SagivTech's OpenCL Mobile Computing Benchmark Suite

The Mobile Computing Benchmark Suite

Mobile device manufacturers as well as consumers have shown growing interest for greater computing power on mobile devices. This processing power is necessary for gaming, augmented reality, image and video enhancements and other compute intensive applications that run on mobile devices.

One way of increasing mobile device processing power is better exploitation of the massive computing power offered by on-board Graphic Processing Units (GPUs), which can be used to carry out compute- intensive tasks with relatively low power consumption.

Objective measurement of key performance indicators has always been crucial to better understanding how a given platform performs. The best method of achieving these key performance indicators may vary from vendor to vendor, due to different hardware designs and software stack limitations. This complicates the process of evaluating different types of devices and deciding which platform is faster and to what degree – and this complexity accentuates even more the need for benchmarking.
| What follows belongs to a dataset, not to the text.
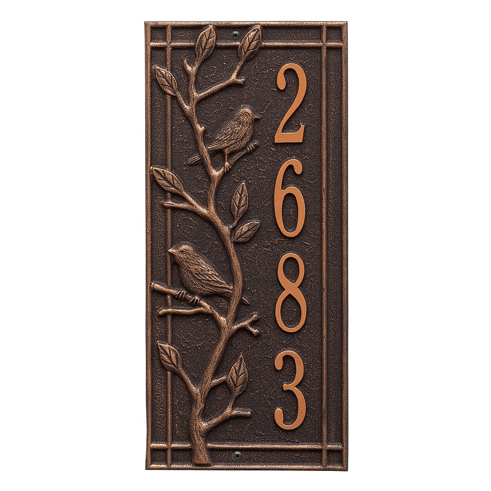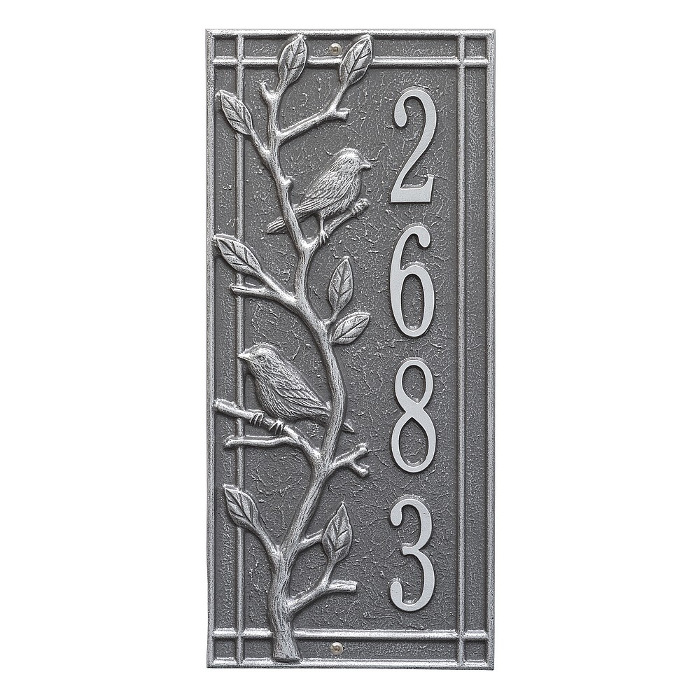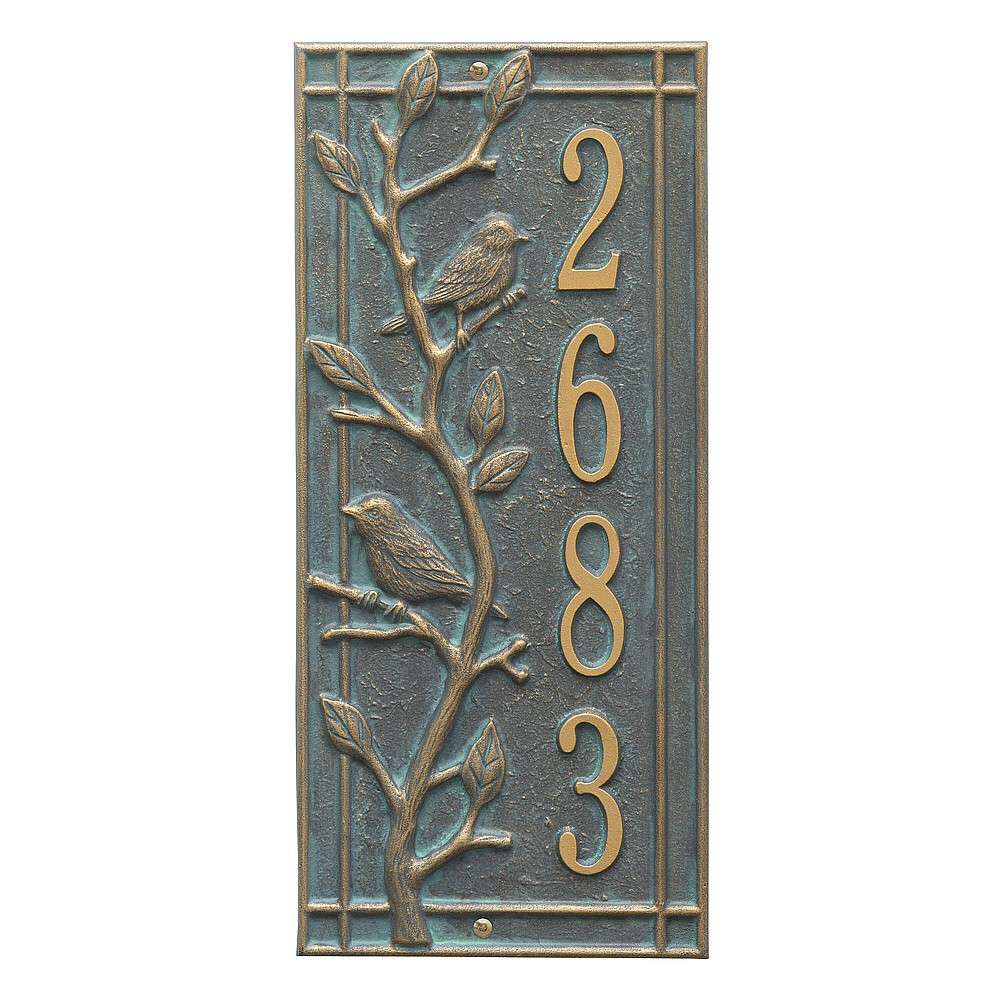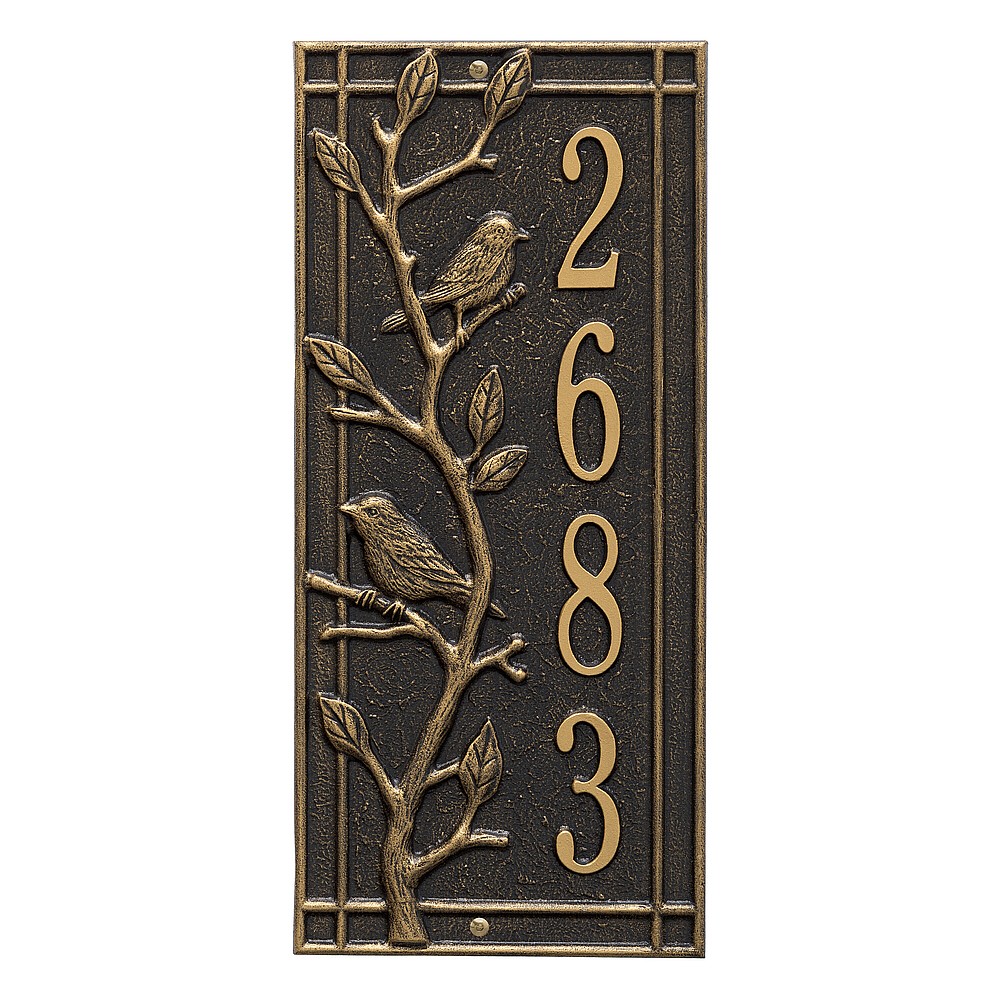 Dimensions (L x W x H): 7.5 x 16.5 x .375 The Whitehall Woodridge Bird personalized plaque is a great way to add instant curb appeal. The Woodridge Bird plaque features a traditional style shadow box border accented by bird and branch details. Every Whitehall plaque is proudly hand crafted in the USA. Personalization is permanently cast into the sign. Manufactured from cast, high-density aluminum alloy and protected by our exclusive Alumi-Shield all weather coatings. Alumi-Shield All Weather Coating: A Whitehall Exclusive Alumi-Shield – Protects against the harshest weather and environmental elements. Extends the product life and maintains the look and function. Made in the USA.

For all these reasons, SagivTech created a MobileComputing Benchmark Suite–to establish reliable performance metrics for common mobile computing operations and the expected performance of GPU code on specific hardware. This post will take a closer
look at two of the primary benchmarks we included in our suite – bandwidth and FLOPs. This post will show the sustained results of those two crucial performance aspects, measured on the ARM Mali T628MP6 GPU found in the Samsung Galaxy Note 10.1 device.

Bandwidth Benchmarks

The bandwidth test measures how fast the input data (once in memory visible to the GPU) can reach the GPU’s ALUs for processing. This is usually measured in Gigabytes of data per second. An algorithm is considered to be bandwidth-limited if the portion
of the code that takes most of the time for the algorithm to complete is loading and storing data between memory and the ALUs. The faster the data can reach the ALUs, the faster the algorithm work, and faster the user will see the output.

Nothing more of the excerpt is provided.